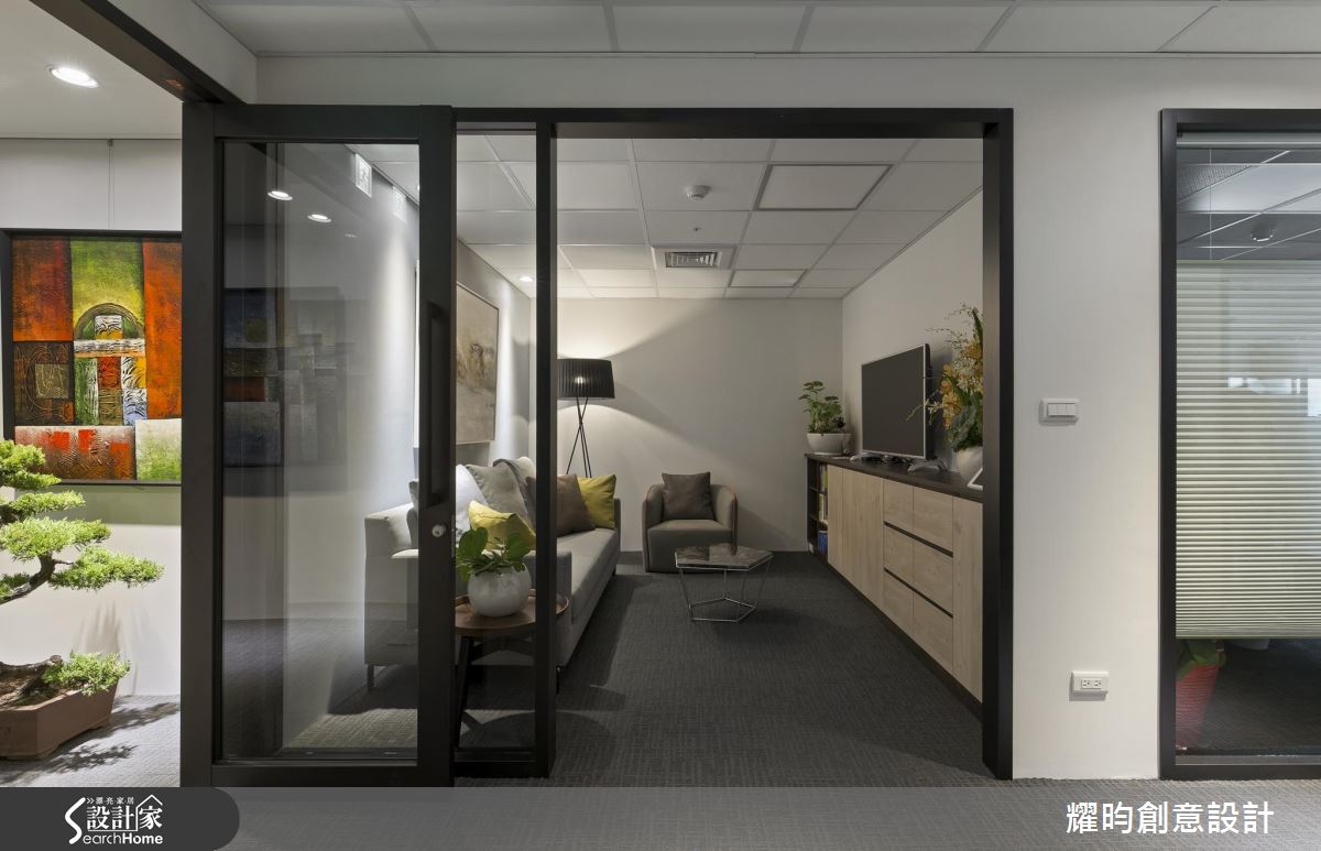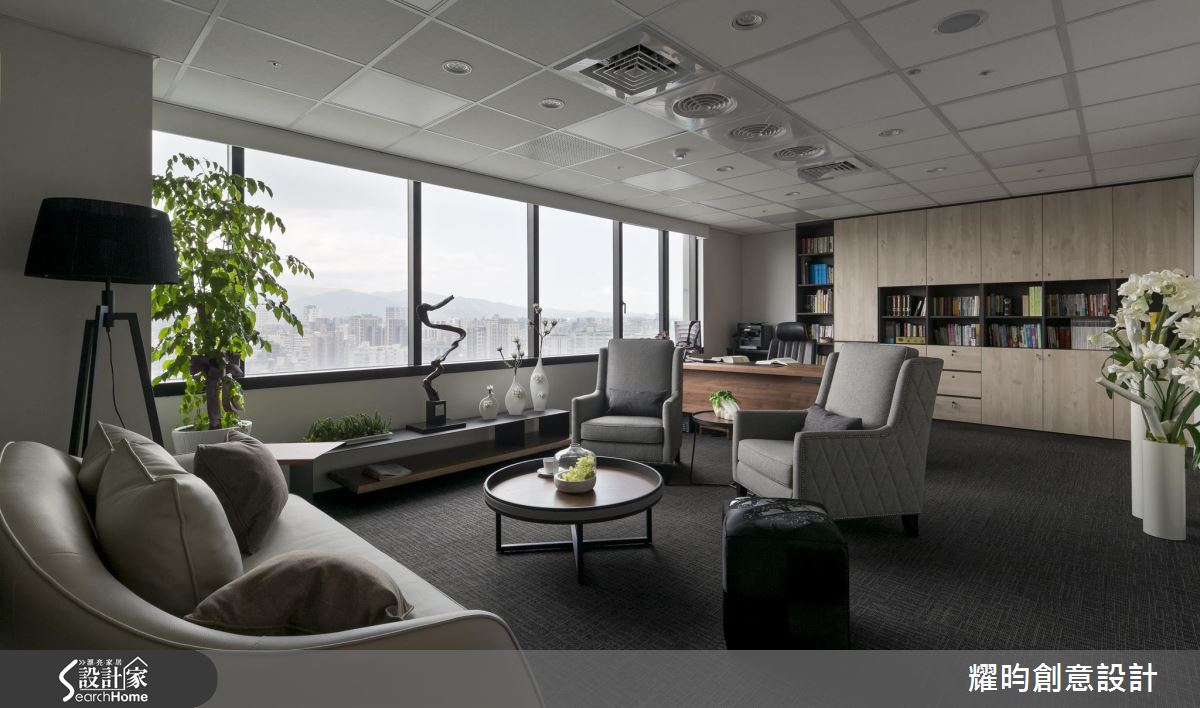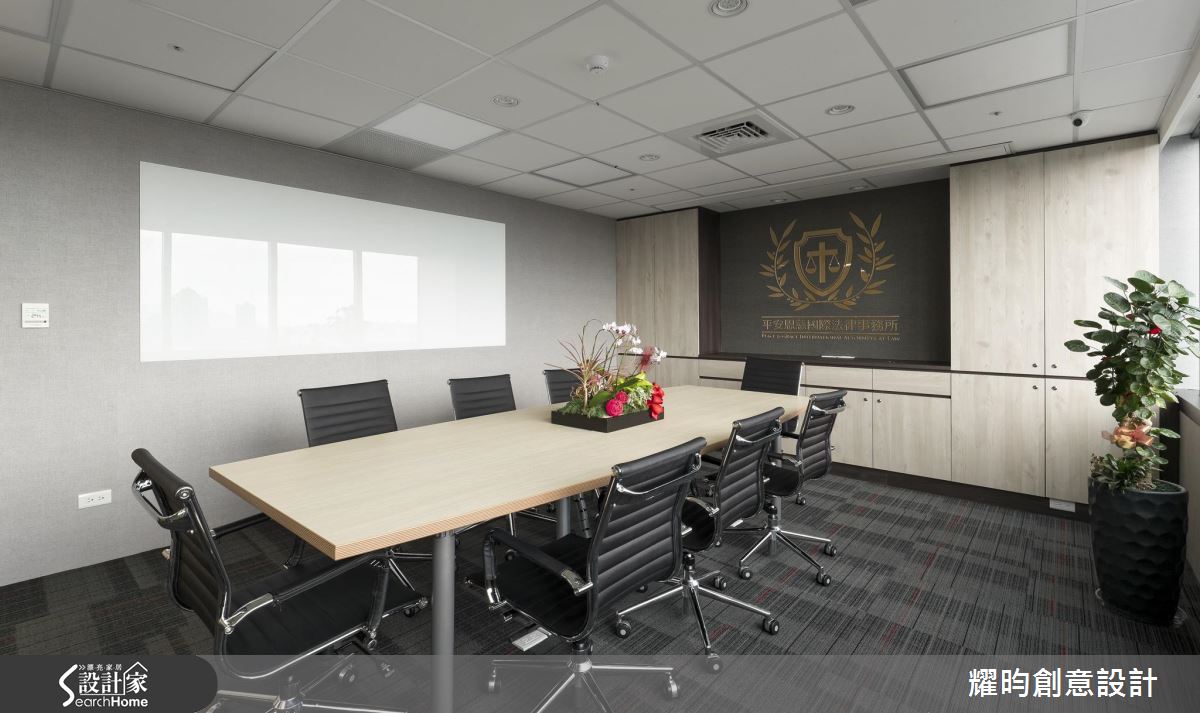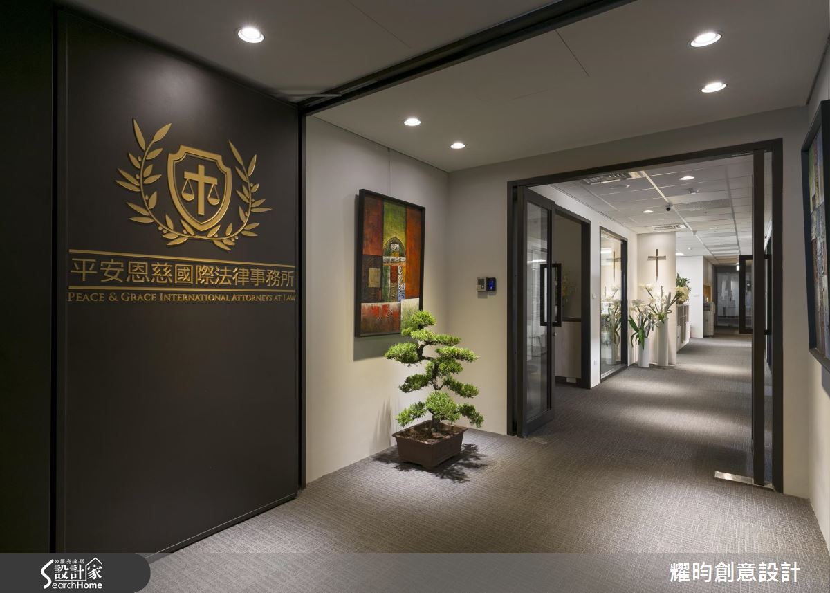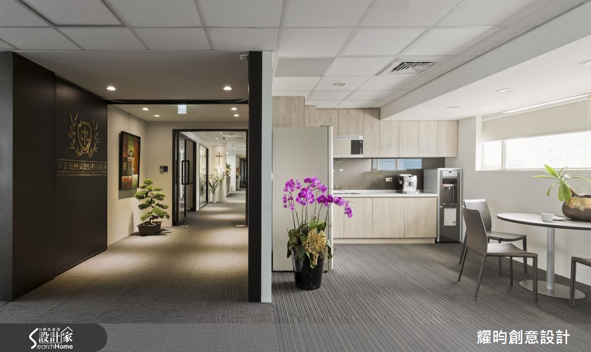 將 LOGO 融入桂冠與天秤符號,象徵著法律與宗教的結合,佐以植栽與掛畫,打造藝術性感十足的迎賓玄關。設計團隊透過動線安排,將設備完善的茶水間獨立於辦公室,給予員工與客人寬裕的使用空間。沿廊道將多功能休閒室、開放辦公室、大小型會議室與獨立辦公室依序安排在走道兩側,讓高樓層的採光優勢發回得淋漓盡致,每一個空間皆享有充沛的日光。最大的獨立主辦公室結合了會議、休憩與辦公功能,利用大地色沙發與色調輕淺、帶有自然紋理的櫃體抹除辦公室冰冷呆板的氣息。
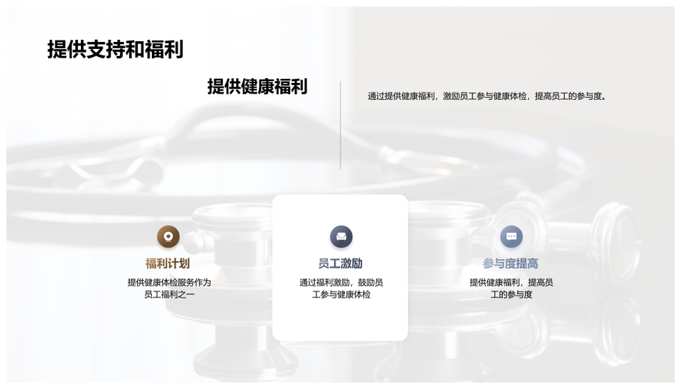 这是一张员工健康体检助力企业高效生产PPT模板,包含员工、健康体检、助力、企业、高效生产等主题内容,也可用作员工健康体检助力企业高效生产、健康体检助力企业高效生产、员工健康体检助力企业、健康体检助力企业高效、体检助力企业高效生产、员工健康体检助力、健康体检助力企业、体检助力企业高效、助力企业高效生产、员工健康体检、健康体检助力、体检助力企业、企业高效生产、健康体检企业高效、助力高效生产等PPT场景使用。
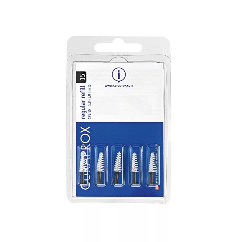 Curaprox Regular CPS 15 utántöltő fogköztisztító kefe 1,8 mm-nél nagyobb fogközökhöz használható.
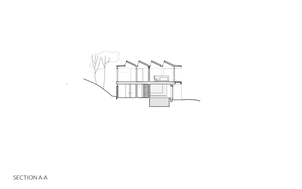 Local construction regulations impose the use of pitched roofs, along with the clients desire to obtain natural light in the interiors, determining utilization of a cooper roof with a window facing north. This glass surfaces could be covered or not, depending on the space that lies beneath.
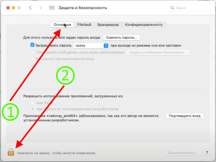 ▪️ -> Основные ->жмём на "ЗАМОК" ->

* Exercise details:
Begin at the first line of the records and please reproduce every line exactly through the one containing "Curaprox Regular CPS", leaving all pictures out.

* Result for this task:
 將 LOGO 融入桂冠與天秤符號,象徵著法律與宗教的結合,佐以植栽與掛畫,打造藝術性感十足的迎賓玄關。設計團隊透過動線安排,將設備完善的茶水間獨立於辦公室,給予員工與客人寬裕的使用空間。沿廊道將多功能休閒室、開放辦公室、大小型會議室與獨立辦公室依序安排在走道兩側,讓高樓層的採光優勢發回得淋漓盡致,每一個空間皆享有充沛的日光。最大的獨立主辦公室結合了會議、休憩與辦公功能,利用大地色沙發與色調輕淺、帶有自然紋理的櫃體抹除辦公室冰冷呆板的氣息。
 这是一张员工健康体检助力企业高效生产PPT模板,包含员工、健康体检、助力、企业、高效生产等主题内容,也可用作员工健康体检助力企业高效生产、健康体检助力企业高效生产、员工健康体检助力企业、健康体检助力企业高效、体检助力企业高效生产、员工健康体检助力、健康体检助力企业、体检助力企业高效、助力企业高效生产、员工健康体检、健康体检助力、体检助力企业、企业高效生产、健康体检企业高效、助力高效生产等PPT场景使用。
 Curaprox Regular CPS 15 utántöltő fogköztisztító kefe 1,8 mm-nél nagyobb fogközökhöz használható.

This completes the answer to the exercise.